Later graduation, Vision returned to the urban center, where he started attention October Gallery poetry events, at the time the place to be for an aspiring young poet. "If you lot want to get into the arts, Philadelphia is the metropolis to be in," he says. "It'south everywhere. Everywhere you go there'due south a jam session, an open up mic." The series' organizer took one look at Vision and said, "You're a poet. Yous're gonna read adjacent time."
"I'd exist on the corner with my friends," Vision laughs, "and I'd say, hold on I have to run down the block to see a girl real quick." The girl was verse. When he finally came make clean, his friends laughed. "Nosotros know," they said. "It'southward who you are."

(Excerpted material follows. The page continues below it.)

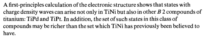 A first-principles calculation of the electronic structure shows that states with charge density waves can arise not only in TiNi but also in other В 2 compounds of titanium: TiPd and TiPt. In addition, the set of such states in this class of compounds may be richer than the set which TiNi has previously been believed to have.

Vision worked a stint teaching social studies at a Community Educational activity Partners school, but rapidly realized a traditional classroom setting wasn't for him. Then he met Greg Corbin , a fellow local poet with a deep interest in youth mentoring who is now PYPM's Executive Director and serves on the Mayor's Commission for African American Males. "He said, 'at that place'south nothing in the city for kids,'" and asked Vision to help him kickoff an organisation that would encourage Philly kids to write and tell their stories. Vision jumped on board.
PYPM holds workshops for high schoolhouse students every Saturday morn at Painted Helpmate Arts Center, monthly slams at the Rotunda, an annual urban center-wide loftier school slam that attracts teams from 22 schools and has built a vibrant customs of young people. "Name a neighborhood and I tin can tell you lot a kid we have that comes from there," Vision says. The workshops are free. "All they have to exercise is testify upwards. They miss a few. They can always come back."

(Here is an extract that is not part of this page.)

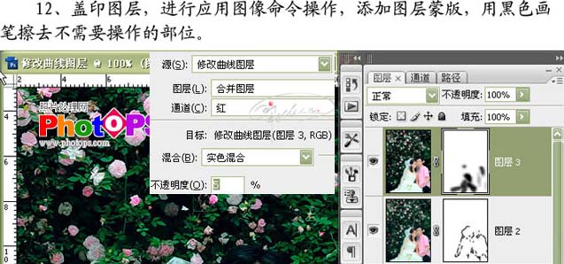 12、盖印图层,选择菜单:图像 > 应用图像,参数设置如下图,确定后加上图层蒙版,用黑色画笔擦去不需要操作的部位。

The sessions combine free-writing and structured prompts and assignments with deadlines, revisions, and workshops on topics as various as mic skills to safe sex. Every calendar month, the workshops accept a new guest facilitator, and Vision brings in local poets and artists as well as representatives from health organizations like the Mazzoni Center to speak to his mentees.
Several years agone, Vision and his students were featured in Soledad O'Brien'southward 2022 CNN documentary, "Who is Blackness in America?" Vision'south students spoke eloquently on what it meant to be black, who "counts" as black, and their conflicting and circuitous feelings about their status every bit mixed race.

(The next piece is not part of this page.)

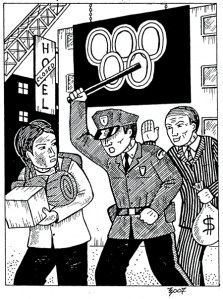 Due to massive construction projects associated with the Olympics, from venues to infrastructure, there is both widespread environmental destruction, as well as huge public debts. As part of security operations, police, military, and intelligence agencies receive millions of dollars for new personnel, equipment, weapons, et cetera—strengthening the creeping police states we see around the world (and south of the border) and further eroding our alleged “freedoms” and civil liberties.

Vision also teaches poetry workshops at the Juvenile Justice Center and for the Department of Human Services, and coaches Swarthmore College'due south poetry squad. He says he wouldn't want to be anywhere else. "Wait at all the artists nosotros're coming upwards backside who are from Philly—fine art is a bang-up tradition hither," he notes. "We only don't take the access like New York and Los Angeles do."
Just even this has an upside: Philadelphia is less expensive, which means artists tin create whatever they want here.
Vision has big plans for this year: a new crop of mentees, another national tour for him, and along with the rest of his group, Spoken Soul 215, hosting The Harvest—"the largest spoken word upshot in the tri-country area"—in the downstairs of Globe Café Alive. (Their next event will take identify on November 2 ).
"We are the most talented city," Vision says, leaning forwards in his chair. "We've got to piece of work harder."
Header photo: Vision (center back) and his PYPM team, courtesy of PYPM.